How It Works in Parallel Workflows

Task Definition:
- The worker script defines the task to be performed (e.g., processing a dataset, running a simulation, or generating a report).
- Each task is self-contained and can be executed independently.
Task Distribution:
- The controller script reads a list of tasks (e.g., from a file or generated dynamically) and distributes them across available resources.
- Tools like xargs or GNU parallel are used to execute multiple instances of the worker script in parallel.
Parallel Execution:
- Each instance of the worker script runs on a separate core or node, processing its assigned task.
- The controller script ensures that tasks are executed efficiently, respecting resource limits (e.g., number of cores).

Benefits

Modularity:
- The separation of the controller and worker scripts makes the workflow easier to understand, maintain, and extend.
- Changes to the task logic (worker script) do not require modifications to the orchestration logic (controller script).
Reusability:
- The worker script can be reused in different workflows or contexts without modification.
- This reduces duplication and promotes consistency.
Scalability:
- The controller script can scale the workflow to utilize available resources effectively, whether on a single machine or a high-performance computing (HPC) cluster.
Ease of Debugging:
- Individual tasks can be tested and debugged independently in the worker script.
- The controller script can be tested with mock tasks to ensure proper orchestration.

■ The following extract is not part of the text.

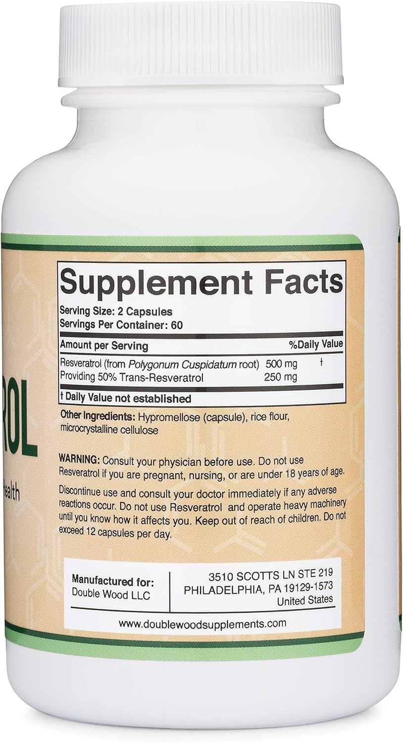 Resveratrol Supplement 500Mg Per Serving, 120 Capsules (Resveratrol Polygonum Root Extract Providing 50% Trans Resveratrol) Healthy Aging Support By Double Wood
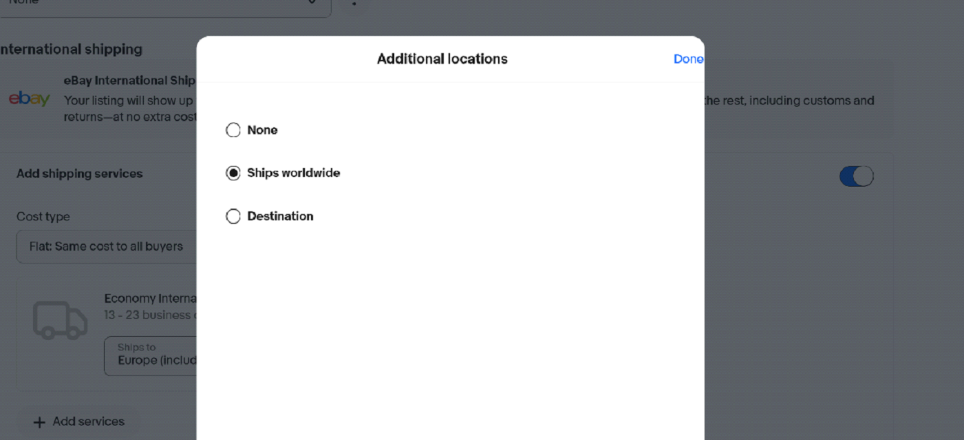 International shipping 에서는 미국 이외의 배송을 설정합니다. Domestic과 동일하게 Flat : same cost to all buyers를 선택합니다.

Let’s make an example worker script which simulates doing hard work by doing something simple and then sleeping. For this task, our worker emits a pleasant greeting when run. The actual greeting is the configurable part of the script (passed as a parameter).

In this case we have a script called greet.sh (here) which is as follows: greet.sh

#! /usr/bin/env bash

echo "$@ to you my friend!"
sleep 1

We can then take a list of all the work that needs to be done and place it into a file. In this case the “list of work” is a line-by-line set of parameters that will be passed to the worker script: (greetings.txt, here).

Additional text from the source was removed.